2006 Management Incentive Plan
On February 15, 2007, the Nominating and Compensation Committee of the Board of Directors of Lionbridge Technologies, Inc. ("Lionbridge") made awards to certain executive officers under the 2006 Management Incentive Plan. Pursuant to the terms of this Plan, certain executive officers of Lionbridge are eligible to receive a cash bonus upon achievement of pre-established performance metrics. The amount of any payment received by any executive officer under the Plan is calculated based on a specified percent of their respective 2006 base salary and achievement of each of the following three equally weighted performance metrics relating to:
• Achievement of internal revenue targets for the year ending December 31, 2006
• Achievement of identified Lionbridge internal profitability metrics for the year ending December 31, 2006
• Achievement of identified personal objectives.
During 2006, the minimal targets relating to funding the r evenue and profitability components under the Plan were not achieved; therefore, the portions of the Plan related to achievement of these two components were not funded. However, certain executive officers received an award under the Plan based on his or her achievement of personal objectives, as assessed by the Committee. Cash awards under the Plan were made as follows:
Executive Officer --- Cash Award
Paula Shannon --- $25,000
Chief Sales Officer
Henri Broekmate --- $25,000
Senior Vice President
Base Salary Adjustment
On February 15, 2007, the Nominating and Compensation Committee of the Board of Directors of Lionbridge Technologies, Inc. ("Lionbridge") increased the annual base salary of Satish Maripuri, Chief Operating Officer of Lionbridge, from $280,000 to $300,000.
2007 Management Incentive Plan
On February 15, 2007, the Nominating and Compensation Committee of the Board of Directors of Lionbridge Technologies, Inc. ("Lionbridge") approved the 2007 Management Incentive Plan. Pursuant to the terms of this Plan, certain executive officers of Lionbridge are eligible to receive a cash bonus, calculated based on a specified percent of their respective 2007 base salary, upon achievement of each of the following three equally weighted performance metrics:
• Achievement of internal revenue targets for the year ending December 31, 2007 (1/3)

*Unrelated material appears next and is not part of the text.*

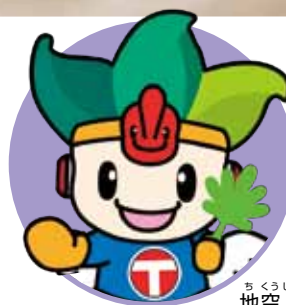
ちくぜんくん 地空人くん

問合せ 産業・都市政策課産業・観光係 ☎28-0944 豊山町商工会☎28-3800

• Achievement of identified Lionbridge internal profitability metrics for the year ending December 31, 2007 (1/3)
• Achievement of identified personal objectives (1/3).
Under the terms of the 2007 Management Incentive Plan, a participating executive officer will receive his or her target bonus based on achievement of each equally rated performance metric targets (the "Target"). If actual results show that the Target for any of the three components is exceeded, the bonus opportunity will be increased proportionately u p to a maximum of 150% of such individual’s target bonus. If actual results show that the Target for any of the three components is not achieved, but is above a pre-determined minimum threshold, the bonus opportunity will be reduced proportionately to 50% of each individual’s target bonus.
SIGNATURES
Pursuant to the requirements of the Securities Exchange Act of 1934, the registrant has duly caused this report to be signed on its behalf by the undersigned hereunto duly authorized.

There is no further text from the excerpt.